6. A boy pushes a lawn mower (m 17.9 kg) starting from rest across a horizontal
lawn by applying a force of 32.9 N straight along the handle, which is inclined
at an angle of 35.1° above the horizontal. The magnitude of the mower’s accel-
eration is 1.37m/s2, which lasts for 0.58 s, after which the mower moves at a
constant velocity. Determine the magnitude of
(a) the normal force on the mower
(b) the frictional force on the mower
(c) the maximum velocity of the mower
(d) the force applied by the boy needed to maintain the constant velocity
(a) To find the normal force on the mower, we need to consider the forces acting on the mower in the vertical direction.
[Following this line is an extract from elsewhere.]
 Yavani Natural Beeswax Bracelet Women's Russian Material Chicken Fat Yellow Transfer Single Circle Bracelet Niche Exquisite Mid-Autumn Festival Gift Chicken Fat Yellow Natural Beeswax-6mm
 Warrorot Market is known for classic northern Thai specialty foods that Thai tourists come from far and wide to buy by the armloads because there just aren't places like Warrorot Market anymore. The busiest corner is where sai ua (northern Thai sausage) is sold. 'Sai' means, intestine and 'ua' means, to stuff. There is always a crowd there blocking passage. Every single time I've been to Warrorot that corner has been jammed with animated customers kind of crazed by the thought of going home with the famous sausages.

The normal force will equal the weight of the mower:
Weight = mass * gravity
Weight = 17.9 kg * 9.8 m/s^2 = 175.42 N
Since the mower is on a horizontal surface, the normal force will be equal in magnitude but opposite in direction to the weight of the mower. Therefore, the normal force is 175.42 N.
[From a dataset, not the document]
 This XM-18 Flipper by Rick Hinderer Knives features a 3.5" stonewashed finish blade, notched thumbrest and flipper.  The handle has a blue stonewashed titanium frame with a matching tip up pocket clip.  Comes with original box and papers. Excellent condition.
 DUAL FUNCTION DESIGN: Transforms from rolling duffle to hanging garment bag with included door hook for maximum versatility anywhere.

(b) To find the frictional force on the mower, we need to consider the forces acting on the mower in the horizontal direction. The frictional force will be equal in magnitude but opposite in direction to the force applied by the boy. Since the mower is moving at a constant velocity, the frictional force will be equal to the force applied by the boy:
Frictional force = force applied by boy = 32.9 N
(c) To find the maximum velocity of the mower, we need to calculate the work done by the boy in pushing the mower up to that velocity. Since the mower starts from rest and accelerates to a certain velocity, we can use the work-energy theorem:
Work = change in kinetic energy
Work = (1/2) * mass * velocity^2
32.9 N * distance = (1/2) * 17.9 kg * (1.37 m/s)^2
32.9 N * distance = 13.08 J
distance = 13.08 J / 32.9 N
distance = 0.397 m
Velocity^2 = 2 * acceleration * distance
Velocity^2 = 2 * 1.37 m/s^2 * 0.397 m
Velocity = 1.31 m/s
(d) To find the force applied by the boy needed to maintain the constant velocity, we already know that the frictional force is equal to the force applied by the boy. Therefore, the force applied by the boy to maintain the constant velocity is 32.9 N.